AuthorJulie Silverbrook
Pages1-4
Appellate Practice
Summer 2020, Vol. 39No. 4
© 2020by the American Bar Association. Reproduced with permission. All rig hts reserved. This information or any portion thereof maynot be
copied or disseminated in any form or by any means or stored in an electronic database or retrieval system without the express written consent
of the American Bar Association.
1
ARTICLES
September 03, 2020
A Brief History of Women Advocates at the
U.S. Supreme Court
To fully understand the relationship of women to the U.S.
Supreme Court, we must reach back to the beginnings of our
country.
By Julie Silverbrook
If you ask most people about the history of women and the U.S. Supreme Court, they are likely
to point to the 1981 nomination of Sandra Day O’Connor as the first female justice. That was a
watershed moment in our nation’s history. But to fully understand the relationship of women to
the U.S. Supreme Court, we must reach back much farther. This story begins, as all stories about
American history inevitably do, during the colonial period.
Margaret Brent: A Colonial Woman in the Courts
While it is true that women were generally prohibited from practicing law in the early years of
the nation, there were some notable exceptions. Margaret Brent is one such exception.

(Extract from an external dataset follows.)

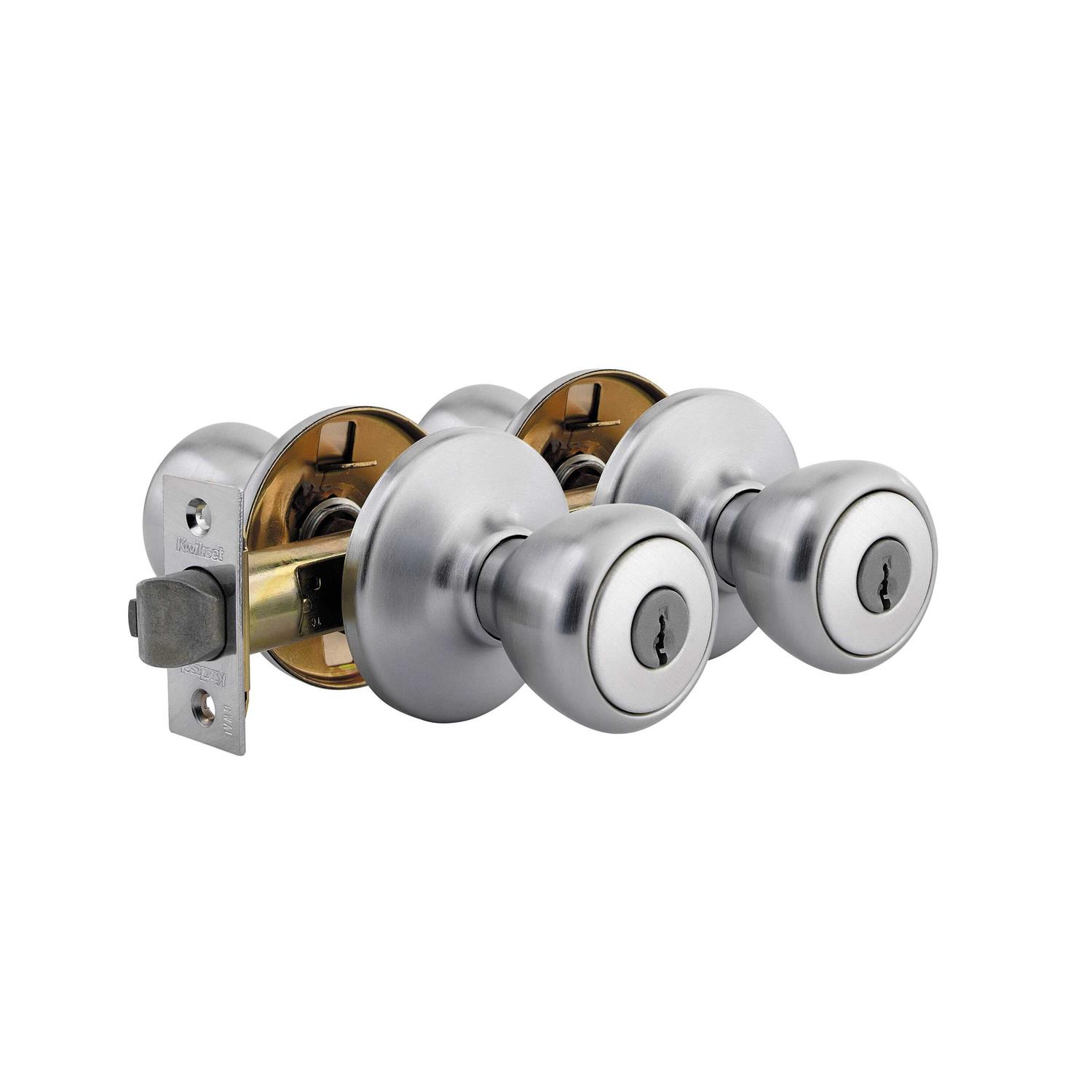 Tylo Satin Chrome Exterior Door Entry Knob and Single Cylinder Deadbolt Kwikset

Brent and her family were distantly related to the Calverts, the Catholic ruling family of
Maryland. She migrated to Maryland in 1638 with her sisters; and she traveled as the head of her
own household, which was unusual for a woman at the time. Brent later acquired from her
brother 1,000 acres of land. Because she never married, she retained certain legal rights that
women, under coverture laws in operation at the time, typically lost once married.
As a single woman, Brent could represent herself in court, and she appeared before courts
several times to file suits against her debtors. While not herself a lawyer, she was one of the first
women to appear in court to defend her own legal and financial rights. In addition to representing
herself within the courts, Brent became the first woman on record to demand the right to vote in
an English colony, appearing before the Maryland Assembly in 1647.
Sources: Pamela Barnes Craig,American Women: Resources from the Law Library, Library of
Congress (June 16, 2018); National Women’s History Museum,
https://www.nwhm.org/education-resources/biography/biographies/margaret-brent/(last visited
Aug. 19, 2020).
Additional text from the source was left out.